Triangular Numbers for Fun, Profit, and Community

I’ve been playing a lot of Smash Up.

Smash Up is a card game where you pick two factions and match them together as your army, like Wizard-Ninjas or Princess-Steampunks. Half the fun of picking an interesting pairing is picking an interesting name combination (Dragon-Grannies? Kitty-Cat Zombies?) — but the real beauty of the game lies in picking two factions for their strategic synergy.

The creators of Smash Up create new factions every six months or so. There are currently sixty total factions. The math that describes the possible faction combinations is quite interesting. If there are X factions available, there are X*(X-1)/2 total possible faction combinations. These are triangular numbers, like Pascal’s triangle — sort of like factorials but with addition rather than multiplication as the main operation. Since there are 60 total factions available, that’s 60*59/2 (or 30*59) possible combinations — 1770. In my personal collection, I have 47 factions, so there are 1081 possible combinations.

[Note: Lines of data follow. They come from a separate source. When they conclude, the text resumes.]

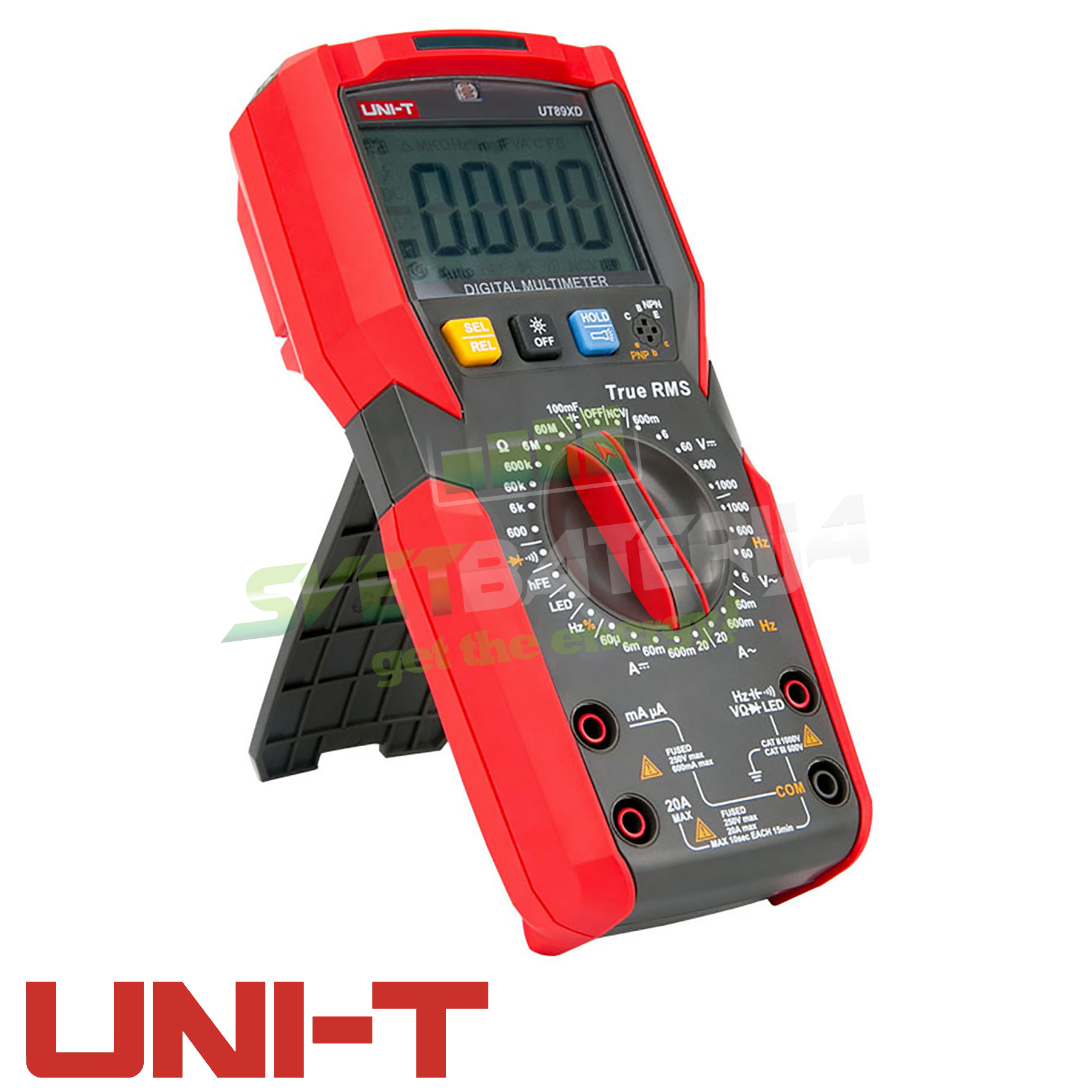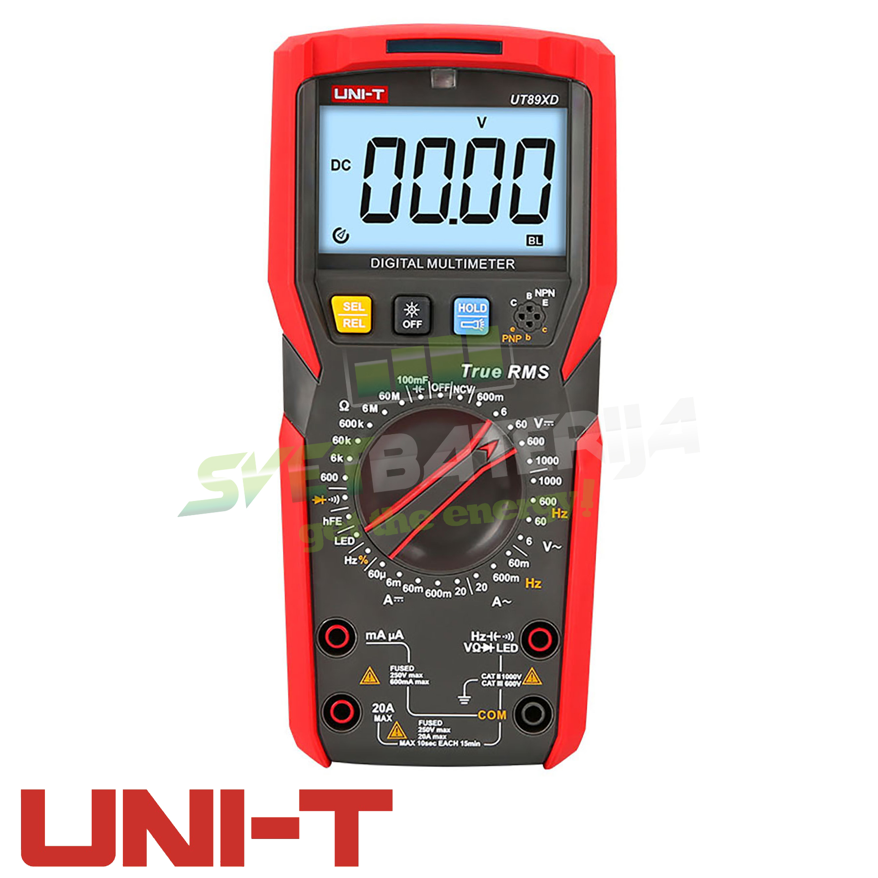 UNI-T UT89XD je multifunkcionalan digitalni unimer na koji se možete bez razmišnjanja svakodnevno osloniti na precizno merenje i analizu. Sposoban je da mer AC/DC napon do 1000V i maks. AC/DC struju do 20A, naravno ima mogućnost merenja farada, frekvencije, test diode, test hFE transistora, NCV beskontaktna detekcija napona u instalacijama, LED lampa, zujalica i True RMS podrška. Ogromna prednost je opcija testiranja 12V LED dioda, led trake itd, što je savršen DMM za TV mehaničare i električare na bilbordima, LED reklamama a naravno i za radionice, laboratorije, studente elektrotehnike i elektrotehničare!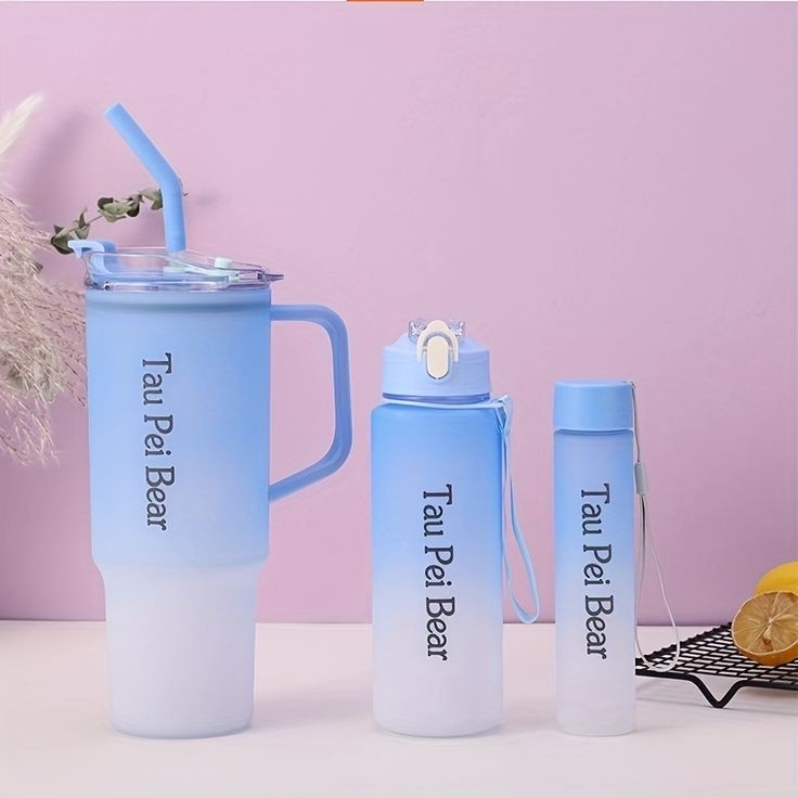 🔸One large 1.2 liter with straw, 800ml tight seal lid with clip, and a smaller 300ml screw top container.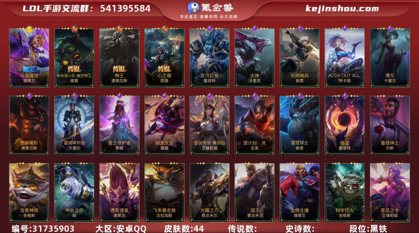 【LSC325】127英雄/135皮肤/华贵铂金/龙的传人/鸡里奥/水晶玫瑰永恩/关羽云长/源计划:净化/黑夜使者亚索/西部魔影卢锡安/福牛守护者女枪/神龙尊者 驭风啸龙/灌篮高手/神王诺手/钢铁军团/战斗学院拉克丝/摄魂猎手凯隐/星域先知(可升级)/猎龙勇士赵信/霸天异形螳螂/暗星螳螂/腥红之月烬/灭迹行者烬/灰烬领主/腥红之月卡牌/电玩女神卡莎/K/DA ALL OUT寡妇/未来战士潘森/铁血女忍/福牛守护者剑姬/战场之王机器人/福牛守护者安妮/源计划:风/战场之王亚索/K/DA ALL OUT阿狸/幻梦甜心阿狸/武神/源计划:雷/娜就去看看/大魔王/驯龙女巫/星之守护者璐璐/秘旅探索者龙女/源计划:裁决/燎原烈焰蔚/太空律动“百万调音”/暗星皇子/福牛守护者皇子/地下拳王/柯基/破败军团女枪/西部魔影诺手/福牛守护者诺手/泳池派对男枪/禁卫机甲/绝命机甲男枪/星之守护者风女/神龙尊者 苍龙/福牛守护者牛头/冰川巨兽石头人/泳池派对炸弹人/电玩勇者(锐雯)/源代码索拉卡/地狱火加里奥/秘旅探索者加里奥/神奇先驱杰斯/猎龙勇士奥拉夫/梦境灵探赛娜/s1光耀之刃/s2光耀之芒/s3光耀之灵/s4光耀之心/s5绯金魅影/s6绯金丽刃/s7绯金战斧/s8绯金鮫灵/s9王牌舰长/s10王牌上将/s11王牌司令/s16冠翎飞行员/S19冠翎征服者/死亡骑士/暗黑武士狮子狗/斗战胜佛/苍穹之光薇恩/时之砂/光耀之心发条/光耀之刃蛮王/光耀之芒金克丝/探戈灵魂崔斯特/王牌舰长/冠翎征服者 尼菈/刀锋女王/绯金魅影(可升级)/钢铁意志/皇家守卫/绯金丽刃(可升级)/小红帽/西部牛仔亚索/偶像歌手/冲击之刃劫/宗师级钓鱼训练师/光明骑士贾克斯/烧烤女神/游击队员/熊猫/光耀之灵/冰霜亚龙/黯黑魔龙龙女/铁拳执事/女警官/双城之战蔚/孤胆英豪/王牌上将皇子/冠翎飞行员 库奇/腥红之月凯南/超级英雄/超武乾坤:电弧/战争血统/制胜金球/创世魔神/西部牛仔女枪/暗影/热血班长/末路教父/无...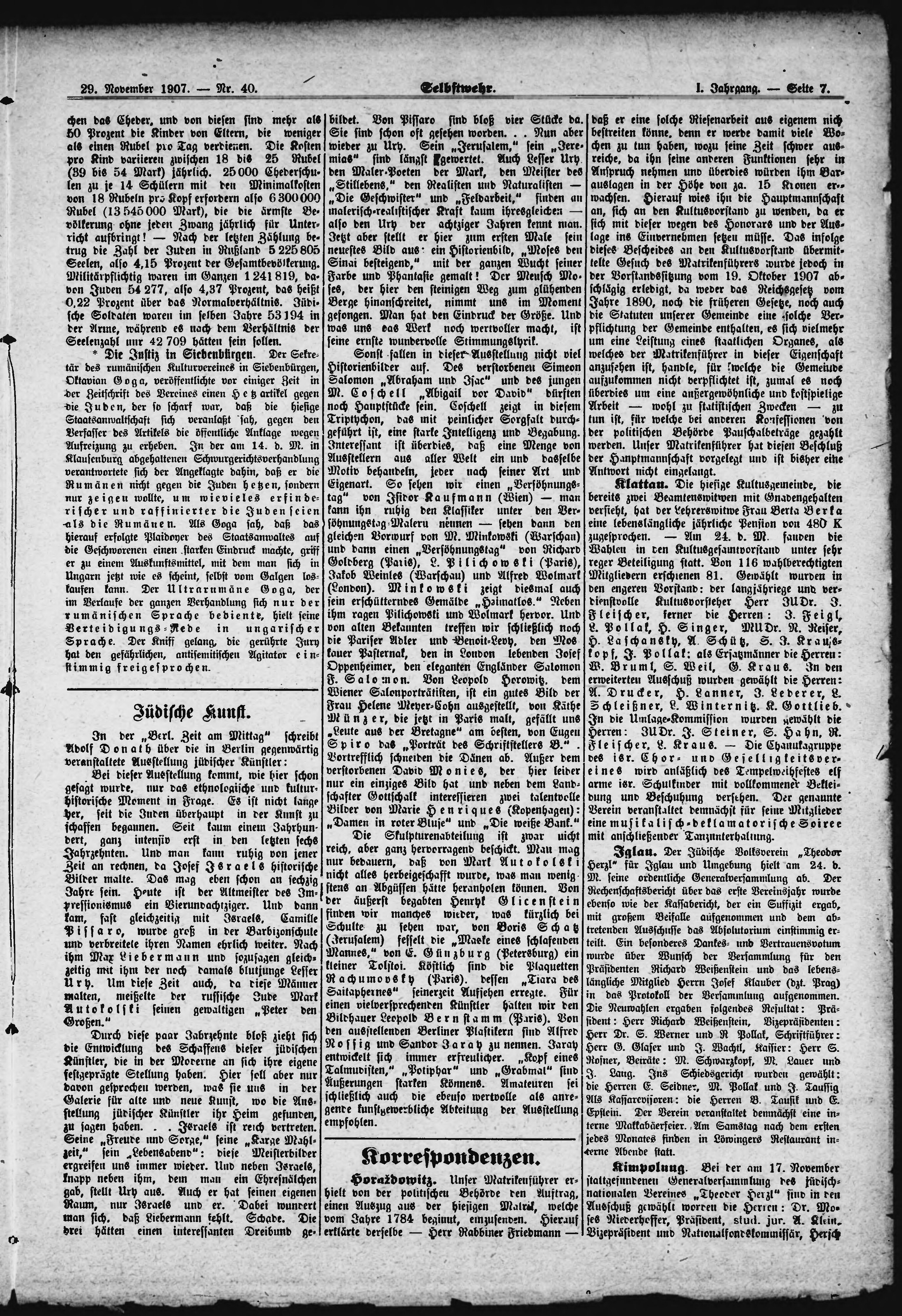 * Datum vydání výtisku: 29.11.1907 Číslo výtisku: 40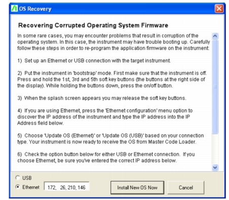 8. Press the Update OS (Ethernet) submenu key (the second submenu key in the bootstrap menu, as shown in Figure: “Spectrum Master Bootstrap Screen”).The Spectrum Master should give you a “Waiting for OS download connection” message.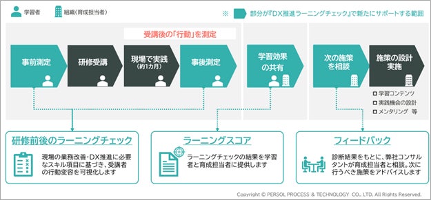 本サービスは、研修プログラムの受講前と受講後にデジタルスキルだけでなく変革スキルを重点にチェックし、ラーニングスコアとして可視化、“学んだことを現場でどの程度実践できているか”を測定します。その診断結果をもとに当社コンサルタントが人材育成担当者に対して次の施策(学習コンテンツや実践機会の設計、学習者メンタリングなど)をアドバイスすることで、企業のDX推進を実現します。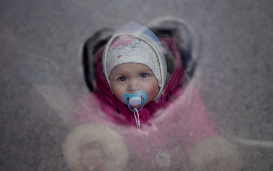 - 19:33Ένα μωρό από την Ουκρανία φαίνεται μέσα από το παράθυρο του πούλμαν που πέρασε τα σύνορα προς την Πολωνία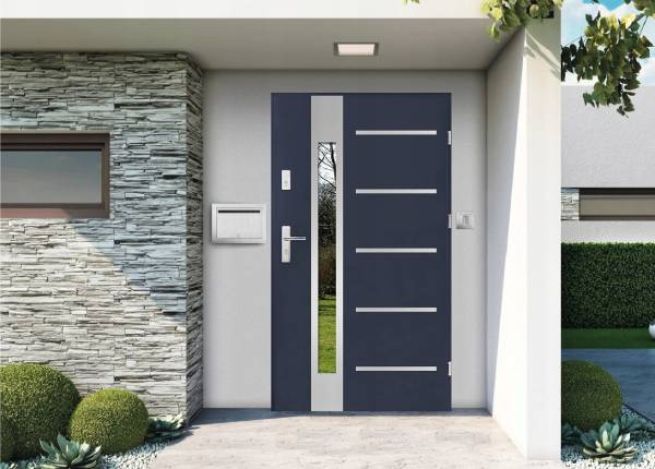 Стильная металлическая дверь была установлена на входе в частном доме. Дверь изготовлена из стали, дверное полотно имеет толщину в 1 мм. Такая толщина выдерживает удары кувалдой, поэтому металлическая дверь в доме является очень прочной и взломостойкой. Такая дверь сочетает в себе надёжность и красоту. Внешняя сторона двери имеет несколько декоративных элементов в виде вставок из металла другого цвета, узкую полоску зеркала. Общий цвет металлической двери — тёмно-серый, вставки хромированные и бежевая. Двери из металла обычно довольно тяжелые, поэтому данная конструкция имеет 3 петли для того, чтобы со временем дверь не провисла.
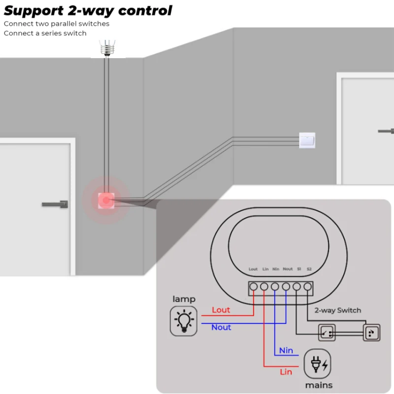 【Поддержка двухстороннего управления 】 может использоваться на двух переключателях для управления лампочкой на светильник. Может использоваться с двумя предыдущими переключателями.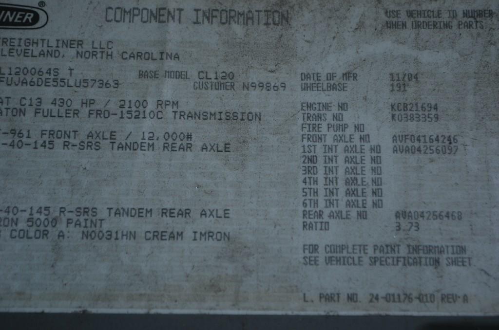 All Parts Available From This 2005 FREIGHTLINER COLUMBIA 120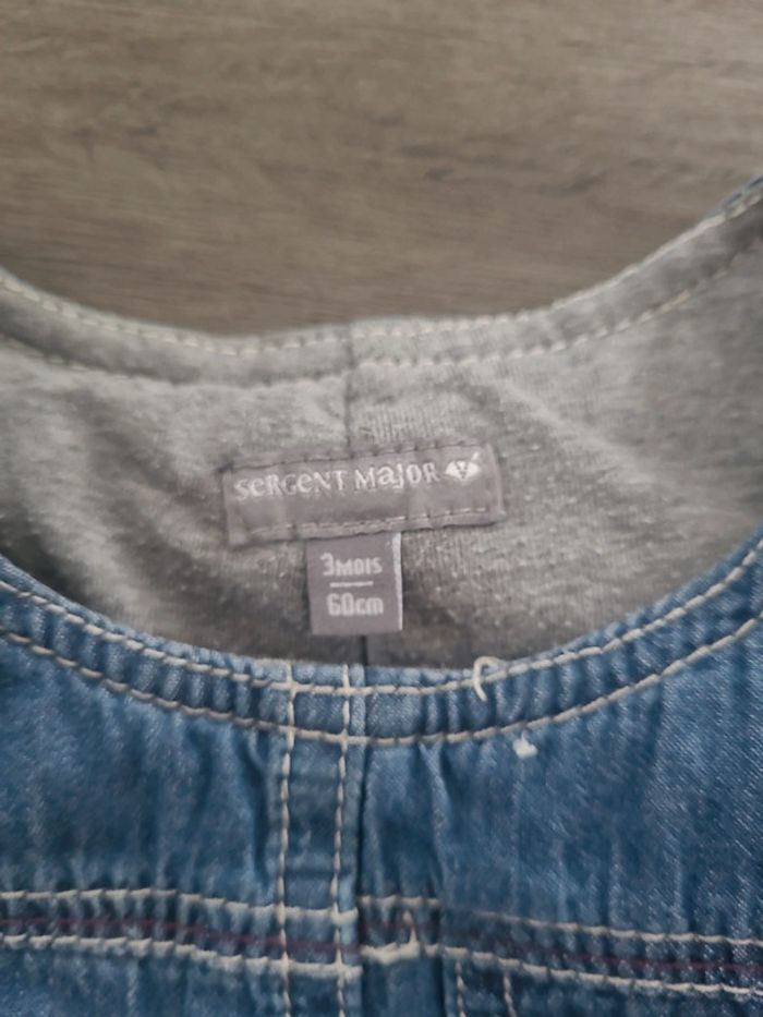 Très jolie salopette façon jeans, de labmarque sergent major. Un peu épaisse, quelques défauts aisbteste en bon état. 🎀 3 mois 🎀 60 cm Matière extérieure: 🎀 100% coton Doublure: 🎀 67% polyester 🎀 33% coton 🎀 bon état 🎀 sergent major #elodiectr44salopettebebe3mois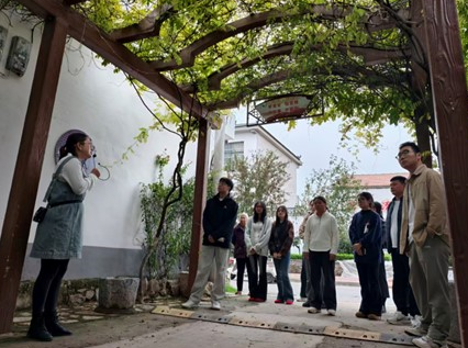 随后,一行人走进梧桐村,沿着三米巷、家风家训巷漫步,欣赏沿途生动的墙绘,并走进非遗小院,沉浸式体验了乡村文化的传承与创新,对石台镇在乡村振兴中保留文脉、焕发新机的实践赞叹不已。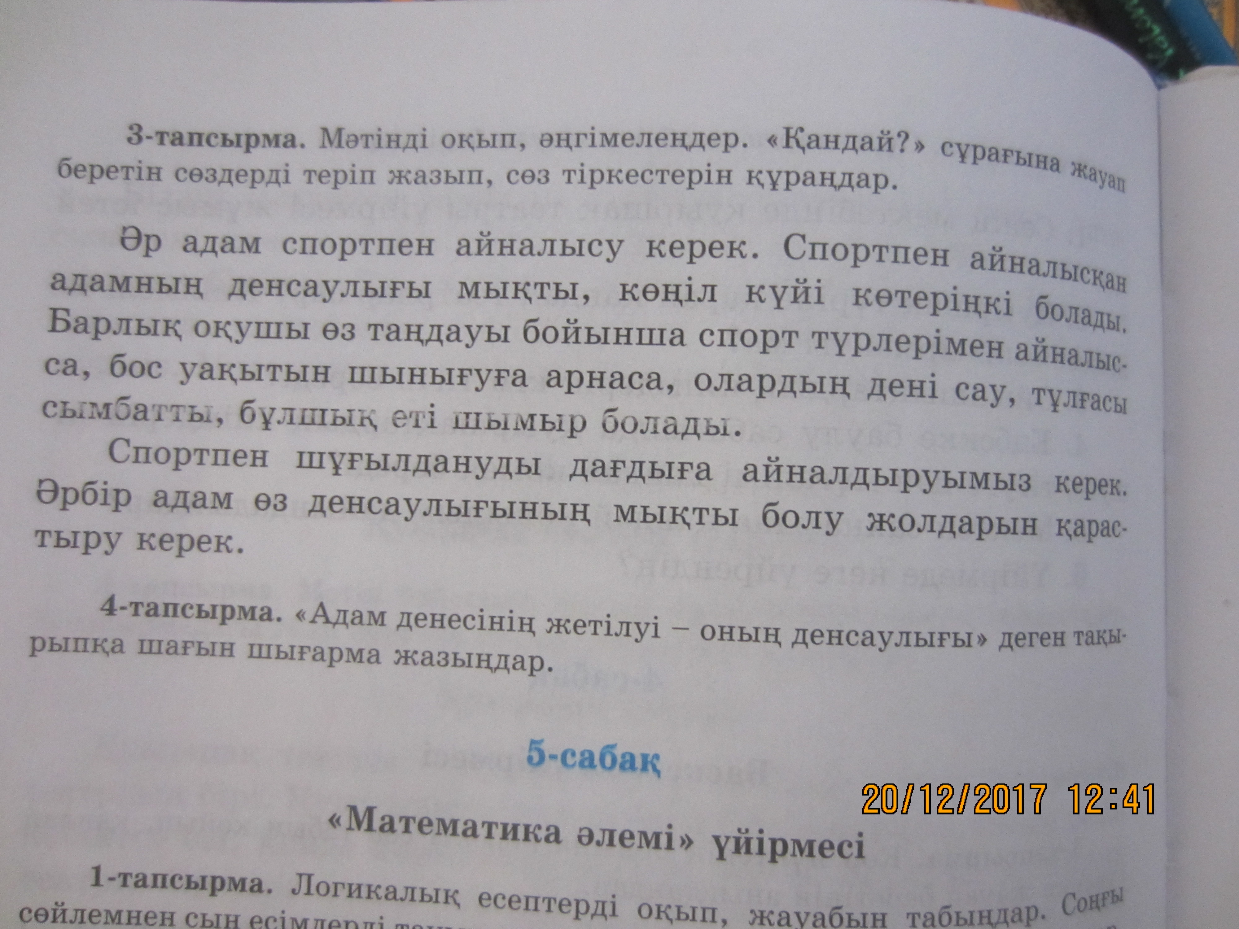 Денсаулығы мықты, көңіл күйі көтеріңкі, бос уақытын, дені сау, тұлғасы сымбатты, бұлшық еті шымыр.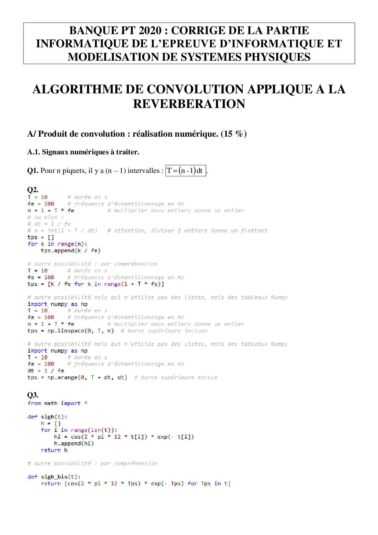 Banque PT 2020 Informatique et Modélisation - Corrigé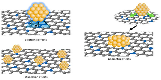 The influence on the catalytic activity and selectivity can be essentially ascribed to three effects: (i) electronic effects, (ii) geometric effects, and (iii) dispersion effects (Figure 1) [46]. Electronic effects originate from the difference between the Fermi level (EF) of the metal and that of the support, resulting in an electron transfer aimed to equalize the EF at the metal–support interface [49,50,51]. The lattice mismatch between the support and the metal NPs induces changes in the shape of the nanoparticle to optimize the interaction with the support [52]. Consequently, these geometric effects are combined with variations in the exposed crystallographic planes and in the coordination number of surface metal atoms, which affect the catalytic performances. Finally, functional groups can act as anchoring sites, promoting the nucleation of metal NPs, and then, the uniform dispersion on the support [53,54,55,56]. However, electronic, geometric, and dispersion effects are interrelated, and it is not possible to clearly discriminate each single contribution.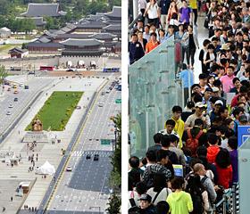 4日上午,首尔中区世宗大路迎来6.4地方选举和连休假期,显得空荡荡(左图)。与此相反,仁川国际机场(右图)大量旅客,人满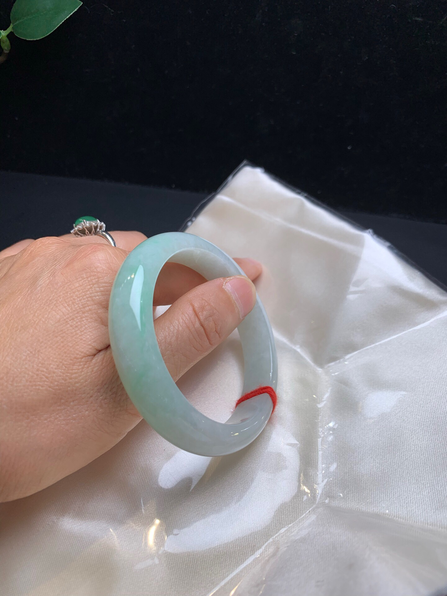 612787,56飘绿手镯,12.7-8mm,一截带绿,清新干净 润润的,无裂纹,超值价💰10800 #优石客珠宝#香玉荟萃

Since learning about the math behind Smash Up, I’ve realized that the same numbers apply in other interesting places. In particular, triangular numbers describe the number of possible 1–1 connections in a given network.

Let’s take the example of the Slack community I created around Mind Body Attention. If a community has U users, there are U*(U-1)/2 total possible 1–1 connections.

These mathematics are particularly relevant to our community because of its social norms. In most other Slack communities, I’ve been in, the default mode of exchange is to converse in public channels. The main form of discourse in the Mind Body Attention community is one to one, private discussions.

We currently have 52 total users, so that’s 1326 possible 1–1 connections. Alternatively, if you count active members (27), we have 351 possible 1–1 connections. Of course, as one individual person, you can only take responsibility for creating and maintaining the connections that involve your half of a pairing — so members of Mind Body Attention have 26 (or 51) possible people to meet there.

As the creator of the community, my goal is to connect people. I’ve seen that there’s so much power in connecting people. Aristotle said that there are three kinds of friendship: friends of pleasure, utility, and virtue. All of these connections (and their combinations — all seven possibilities — the three themselves, the three pairs, and the one kind of friendship that has all three) can be valuable and rewarding.

One easy way to build community is to simply add more people. Each time you add more people, there are more possible connections — just like there are more possible Smash Up combinations with each faction expansion. At Mind Body Attention, we are of course open to new people. But another way to build community is simply to increase the number of interconnections between members of the group. I try to reach out and get to know each person who joins the community, and encourage other people to do the same. Either way, with more people or more interconnections, our community (and our extended network) grows stronger — more fun, more useful, and more beneficial to all involved.